The FNIP1 gene consists of a 6655 nt mRNA (using NM 133372 derived from AC005593.1, DQ145719.1, AC008695.9 and AL832008.1, the coding sequence extends from nt143 to nt3643) and contains 18 coding exons. The initiation codon is located within exon 1.

Northern blot analysis revealed an about 7 kb FNIP1 mRNA transcript that was expressed in most major adult tissues, with strongest expression in heart, liver and placenta, and expression in kidney and lung, tissues involved in the Birt-Hogg-Dube syndrome phenotype (see below). Several alternate transcripts lacking one or more exons have been reported. Transcript 1 is the full-length isoform. Transcript 2 lacks exon 7 (NM 001008738).

The FNIP1 protein contains 1166 amino acids and has an estimated molecular weight of 130 kDa.

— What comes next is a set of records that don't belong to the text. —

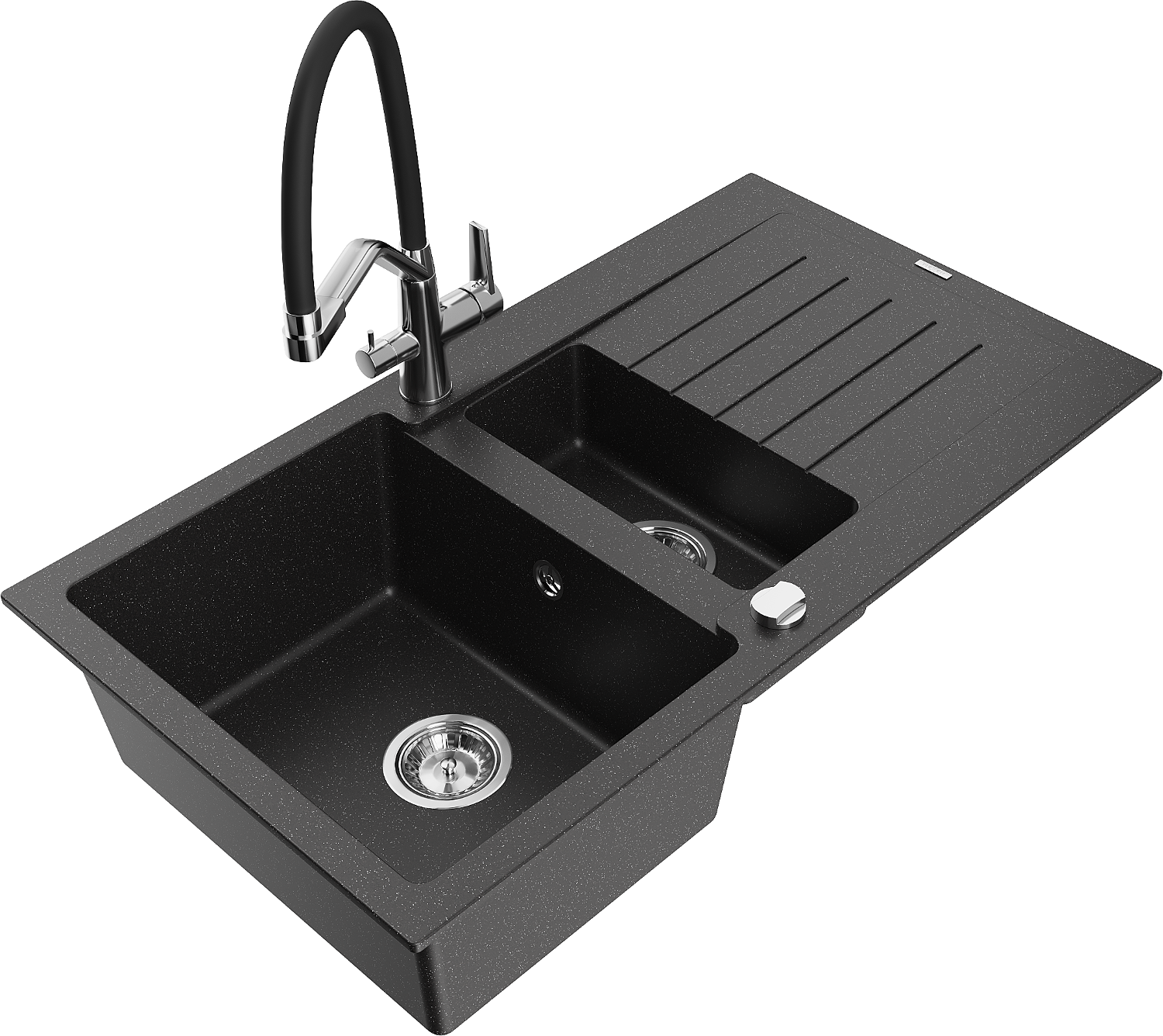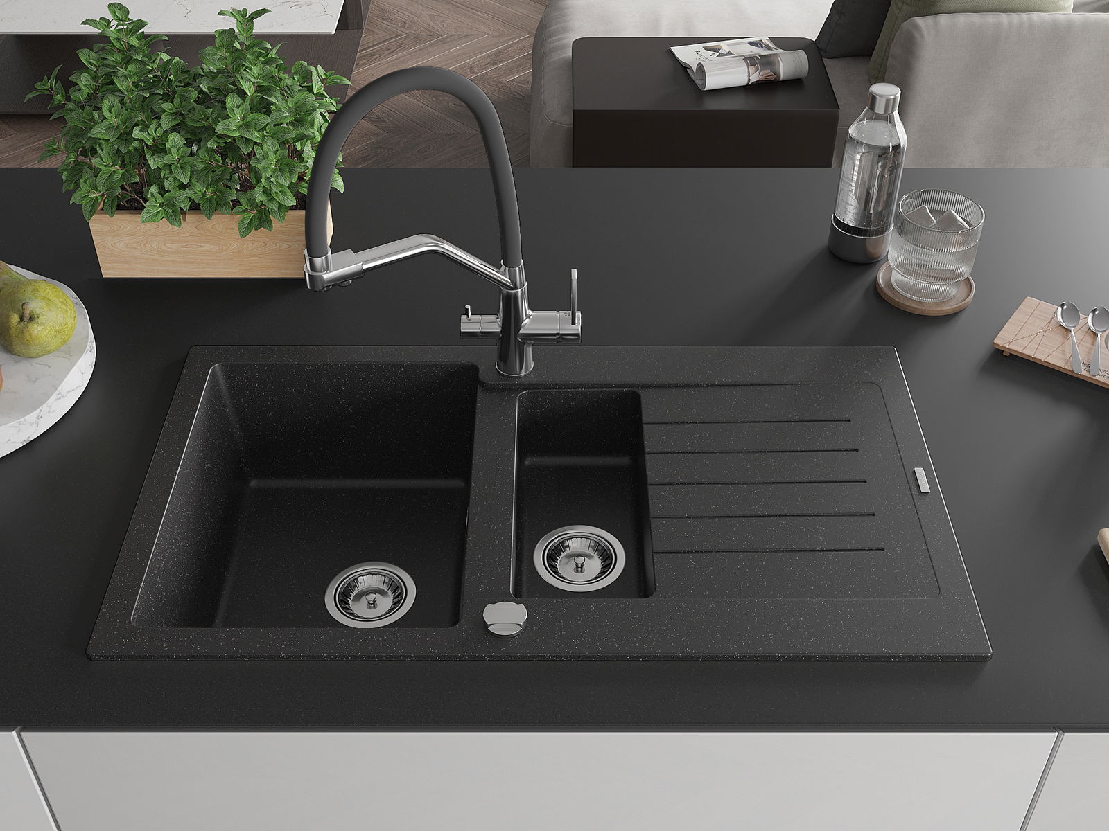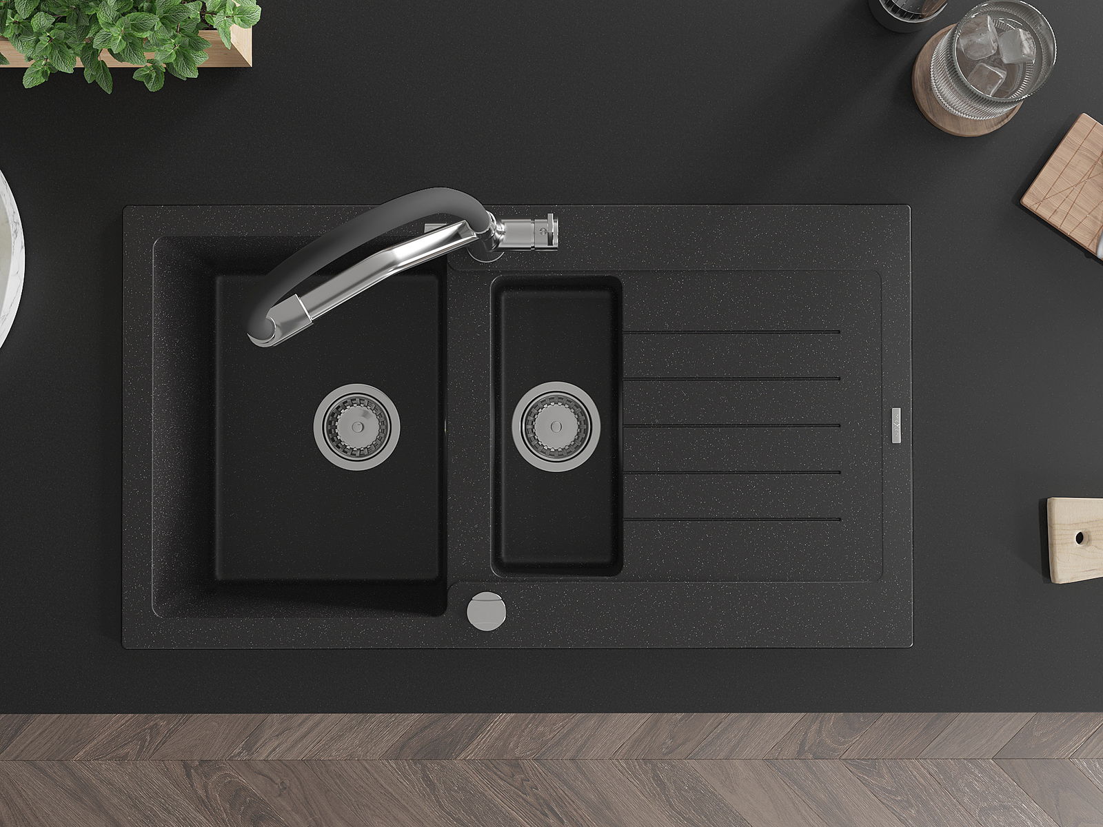 Mexen Matias évier en granit 1,5 cuves avec égouttoir et robinet de cuisine Duo, noir/métallique argenté - 6502-73-671701-07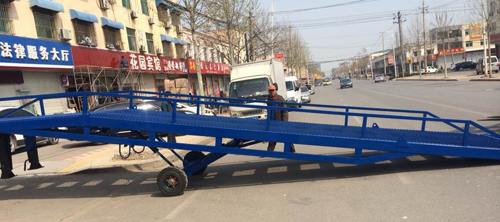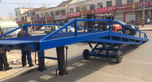 移動式登車橋與叉車配合使用的貨物裝卸輔助設(shè)備,可根據(jù)汽車車廂的高低調(diào)節(jié)高度,叉車可以直接通過本設(shè)備駛?cè)胲噹麅?nèi)部進(jìn)行貨物的批量裝卸,僅需單人作業(yè),即可實(shí)現(xiàn)貨物的快速裝卸。它使企業(yè)減少大量勞力,提高工作效率,獲取更大經(jīng)濟(jì)效益。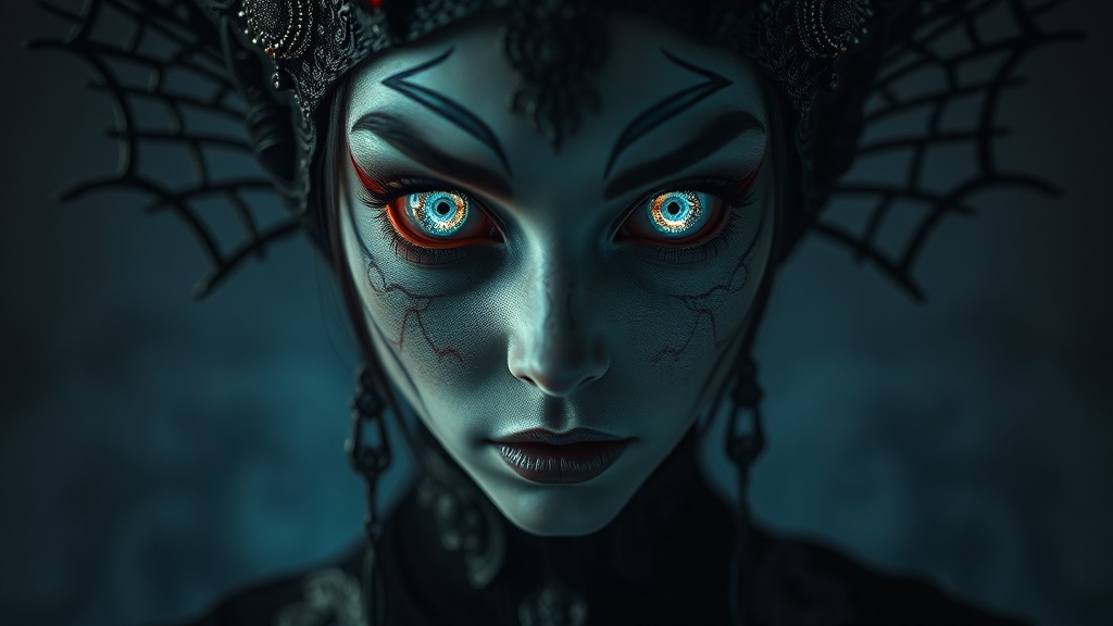 View this AI-generated image featuring hyper realistic portrait from the shadowy realm featuring a figure with hauntingly hyper detailed attire that tells a symbolic tale her expansive eyes like prismatic portals reflecting sheer terror captured with the finesse of a hasselblad h4d 200ms digital cam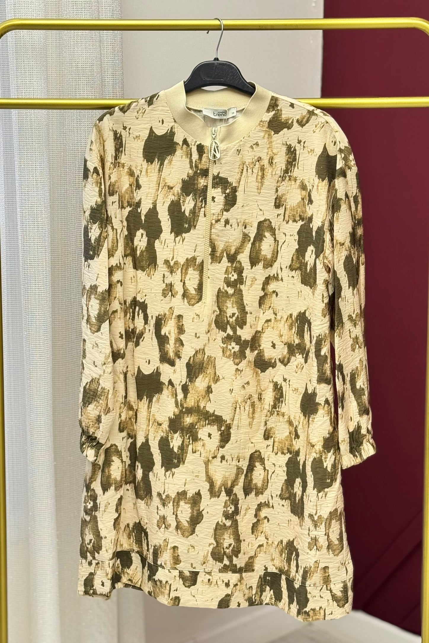 Armine Trend 26YT473 Yarım Fermuar Detay Desenli Tunik - Ekru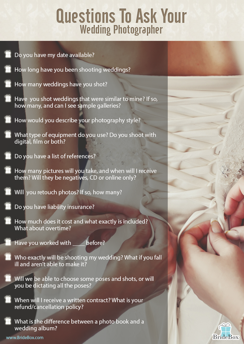 Your wedding photographer is perhaps the most important vendor you’ll have to select for your wedding day. S/he will be the person documenting all of the raw emotions, special moments and little details of the most important day of your life. To help you find the right wedding photographer, we’ve put together a list of questions that you should ask them to ensure that you’ll be a good match.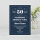 Elegant retro navy blue and white design. Cheers to 50 years! Can be customized to show any age.

Epitope-tagged FNIP1 expressed in HeLa cells localized exclusively in the cytoplasm.

Coimmunoprecipitation studies to elucidate the function of folliculin (FLCN) (encoded by the tumor suppressor gene, BHD/FLCN, which is mutated in the Birt-Hogg-Dube syndrome) identified a novel folliculin-interacting protein, FNIP1, which interacts through the C-terminus of FLCN. FNIP1 overexpression enhanced phosphorylation of FLCN and phospho-FLCN preferentially bound to FNIP1.
FNIP1 is a novel protein with no domains to suggest function. By coimmunoprecipitation studies FNIP1 was also found to interact with the heterotrimer, 5AMP-activated protein kinase (AMPK), a key molecule for energy sensing and a negative regulator of mTOR (mammalian target of rapamycin). AMPK, which bound to FNIP1, was preferentially in its phosphorylated (active) form and FNIP1 could act as a substrate for AMPK phosphorylation both in vitro and in vivo. Inhibition of AMPK kinase activity resulted in reduced FNIP1 protein expression in HEK293 cells suggesting that phosphorylation of FNIP1 by AMPK may enhance protein stability. These data suggest that FNIP1 and its interacting partner, FLCN, may be involved in energy and nutrient-sensing through the AMPK and mTOR signaling pathways.
FNIP1 was also shown to interact with HSP90 by coimmunoprecipitation in HEK293 cells.

A comparison of FNIP1 proteins across species identified 5 blocks of conserved sequence with at least 35% similarity. FNIP1 homologs have been identified in Mus musculus, Gallus gallus, Xenopus tropicalis, Danio rerio, Drosophila melanogaster and Caenorhabditis elegans.